At the NGV, in a room dedicated to the period of Picasso’s surrealism, hangs Corrida: death of the toreador woman, a work of oil paint and pencil on wood representing a bullfight. The arena is pale, with soft contrast and a pastel palette of sky blue and carnation pink. A naked woman is lying on the back of a white horse, swept away by the blow of the bull. His head merges with the face of the angry bull. It is a violent image of death made sensual by color and whimsical by dancing gestures.
As spectators, we watch Picasso throw sex and death into his arenas. The animal and the human fall, out of breath, while his transfiguration of life becomes a paid staging. The colors evoke a vision of joy and passion in stark contrast to earlier pieces from his blue period, which left bruises all over his melancholic work. In Freudian theory, the death drive is opposed to Eros: he speaks of a “separation of the death drives from the life drives”. Picasso distills them together until we are left with vascularity and flecks of lavender smoke. The forces that clash in stride, a pastel but dark paradox, are reduced to “the little death», the brief experience after orgasm – equated with death.
The exhibition ends with a three-channel video installation by Rineke Dijkstra, I see a woman crying (woman crying). The work features close-up images of nine children aged 11 to 12 reacting to crying woman The painting. While unveiling the ritual of the school art trip, Dijkstra demonstrates what she describes as the “uninhibited quality” of children. We never see the board.

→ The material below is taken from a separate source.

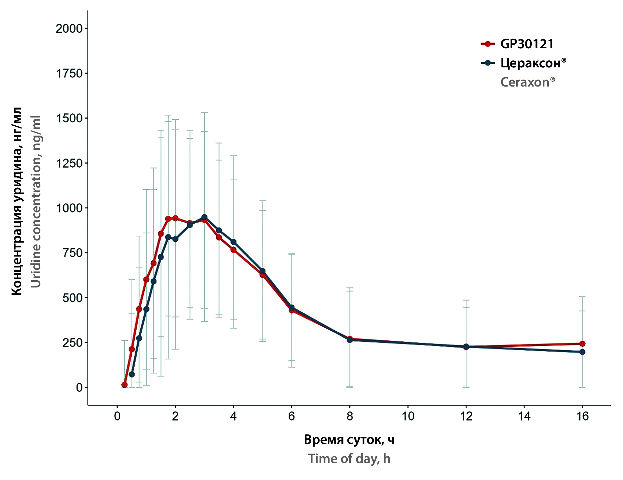 Цель. Целью данного исследования являлось изучение сравнительной фармакокинетики (ФК) и биоэквивалентности препаратов, содержащих цитиколин – GP30121 и Цераксон®, у здоровых добровольцев при приеме натощак.

“Maybe it’s a soul entering his mouth,” said a young boy with a shaved head. “Maybe Picasso just wanted to make a colorful picture and he drew it as if it was how they felt inside. He painted how people felt.
In the final room of the exhibition, a Picasso quote on the wall reads: “It’s up to the public to see what they want to see.” It takes a magician to hold the mirror.
The Picasso Century is presented at NGV International, Melbourne until October 9th.
MUSIC Leaps and bounds music festival
Venues across Melbourne, June 24 to July 24
Heath Ledger Theatre, Perth, 24 June to 2 July
CABARET Adelaide Cabaret Festival
Venues across Adelaide, through June 25
EXPOSURE Gay Hawkes: The House of Desire
Tasmanian Museum and Art Gallery, Hobart, until August 28
EXPOSURE Rebirth is needed
Institute of Modern Art, Brisbane, until July 9
FESTIVAL Long live Sydney
Venues across Sydney, through June 18
This article first appeared in the print edition of The Saturday Paper on June 18, 2022 under the headline “Modernist Sorceries”.